The most fucked up thing is how much it felt like a Sign From God.  The whole thing crinkled at the edges of my understanding with goose-bumps and strange chills.  If it was an answer to my question, I have no fucking idea what it could have possibly meant.  Maybe it was just a function of stress and of wanting to believe there was some answer to an unanswerable question.  Like I needed it so bad, the chemicals in my brain provided a sign out of any sensory input available.

But mostly I’m afraid it was a sign from God, and the message was, “Hey, it doesn’t mean a fucking thing, kid.”

*”Yeah, back then, the visions, yeah most of the time I was convinced… Shit… I’d lost it. But there were other times… I thought I was mainlining the secret truth of the universe.” – Rust Cohle

10 thoughts on Family of Origin has Acquired Curse, Y/Y?

  1. I get it. Hellish two weeks in my slice of the universe, a family destroyed by a random blink of an oncoming driver’s attention … no justice, no solace, heartbreak on endless loop. Deepest condolences for your sister’s and family’s terrible loss of the baby – this unanswerable grief. (The silent flashing ambulances and black-clad feat of astonishing agility suspended in time.)
    {{Hugs}}

  2. I don’t have enough words to tell you how very sorry I am.

    My sister’s firstborn was stillborn when I was pregnant with my third. Those were Terrible Days. My heart bleeds not only for your sister, but also for you as a helpless bystander to a terrible grief.

    As you and yours slog through your own terrible days, I will keep you all in my warmest thoughts. Sending love and warmth to all of you.

  3. I’m so sorry. How horrible.

    It’s particularly awful how dementia seems to amplify the horror of whatever’s happening. I’m sorry your mom didn’t have a backup plan, but you know that’s not your fault, right? Her inability to listen to you is not die to your not finding the perfect argument or anything like that.

  4. I just cannot. Even. I am so sorry. I don’t know what it means, but I do know that God loves you. I know it in my bones. Unfortunately, His love is not some sort of sunshine and roses crap. He has let true believers, His chosen peoples, and His Beloved suffer and break and die all throughout history. There really is something to pain and suffering that has meaning and use beyond what we can possibly understand in mortality. Sometimes I can almost see what it is out of the corner of my eye.

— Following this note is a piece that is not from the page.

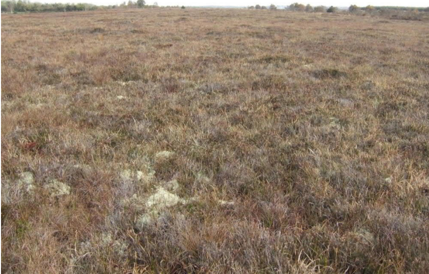
Figure 25: View of high bog along northeast boundary of Blackwater Bog (looking eastwards). This bog is considered to conform to the Annex I habitat Degraded raised bog and supports the Annex I habitat Depressions on peat substrates (Rhynchosporian)

    We have been doing darkness around here as well… my sister lost her oldest son a few weeks ago, and it still physically hurts to cry. Which sucks because I spend a portion of each day crying. There is just something about the pain and disappointed dreams of a sister. The loss of a niece or nephew. There just is.

  5. Hurting so much for you and Little. And hey, God is weird, and sends messages in weird ways. If you felt God was in that, God was, whatever it meant.

  6. I totally got that it was a sign. THe biker was defying all possible logic and laws of gravity/existence/that which you know to be true. You expected him to die and he didn’t. You didn’t expect your mom to ever leave your dad but she did. We can’t control everything all the time and expect everything to follow all the laws of truth/gravity/existence. That awareness hurts. Your family just got the most painful dose of it. I am so so very sorry. I just saw this interesting perspective on grief. Let me see if I can post it here. I am thinking of you and your sister and all of you who love her.